Jenny Teeson learned that she had been drugged and raped more than a year after the assault took place, when she found videos of it on her computer.
She watched in horror as a man forcibly penetrated her motionless body with a sex toy while her toddler son lay sleeping nearby — all documented in a video shot inside their Andover home.
But Teeson's attacker will never be charged with rape because, until recently, that man was her husband.
"I know why victims give up," Teeson said in a recent interview. "Nothing on his record says criminal sexual conduct, that he raped me. Nothing says anything to the sex crimes that he did."
Minnesota is one of about a dozen states that still grant spouses and cohabiting partners exemptions from its sexual assault laws under certain conditions. The state's "voluntary relationship" statute, which dates to the 1970s, does not exempt spouses from prosecution for forcible rape.
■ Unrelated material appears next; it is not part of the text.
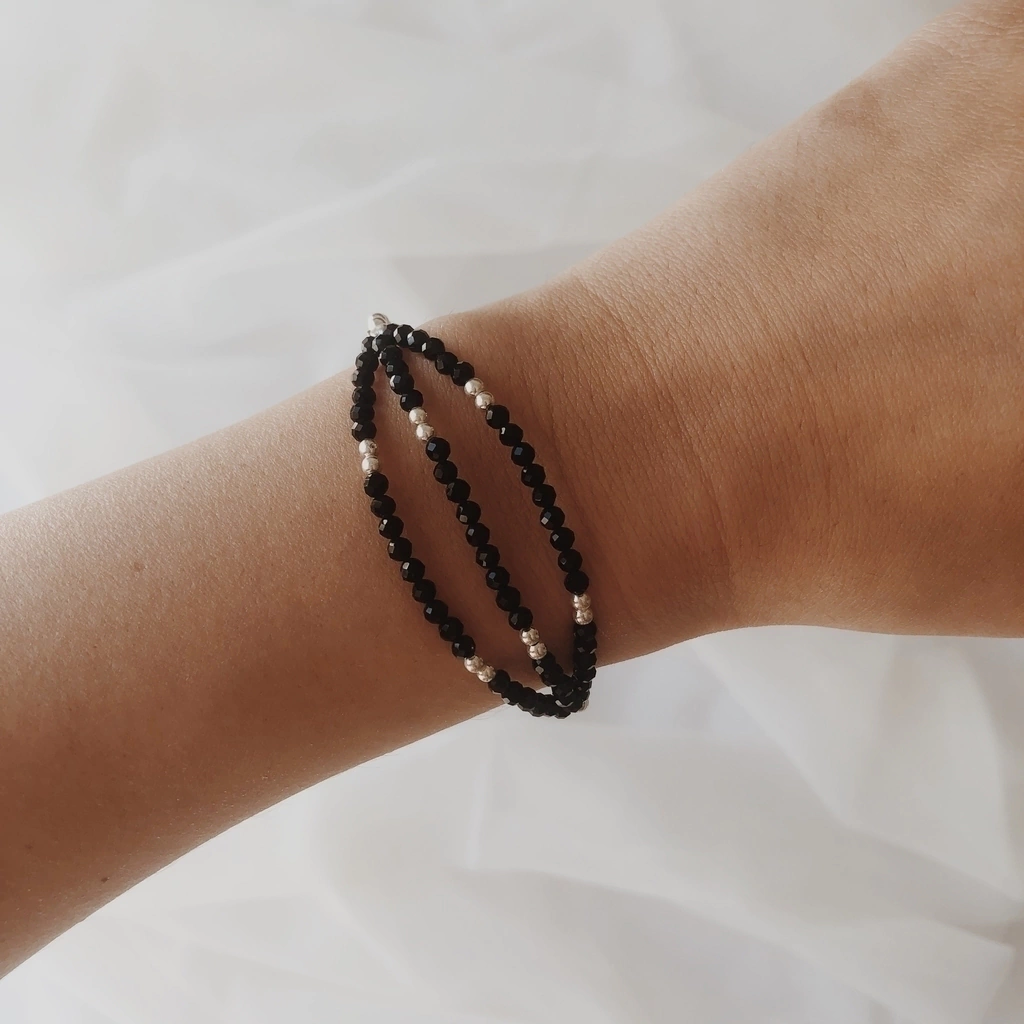 Es una pulsera de plata 925 combinada con cristales negros. Tiene una logitud de 17cm y es de cierre fijo, no regulable, asi que tenelo en cuenta antes de elegirla.

But while it is otherwise illegal in Minnesota to engage in sexual penetration with someone who is "mentally impaired, mentally incapacitated, or physically helpless," that provision does not apply in marriage.
Now state legislators are mounting an effort to repeal that law, one of the first statutory reforms in the wake of a Star Tribune investigation that found chronic and widespread lapses in law enforcement's handling of rape cases.
For Teeson, it's been a longer journey: from finding those videos nearly two years ago, to describing her experience in a courtroom late last year and, finally, to watching her story fuel action at the State Capitol this session.
On Thursday, Teeson looked on with her parents as the Minnesota House unanimously passed its bill to repeal the law. A matching effort in the Senate is moving closer to a floor vote.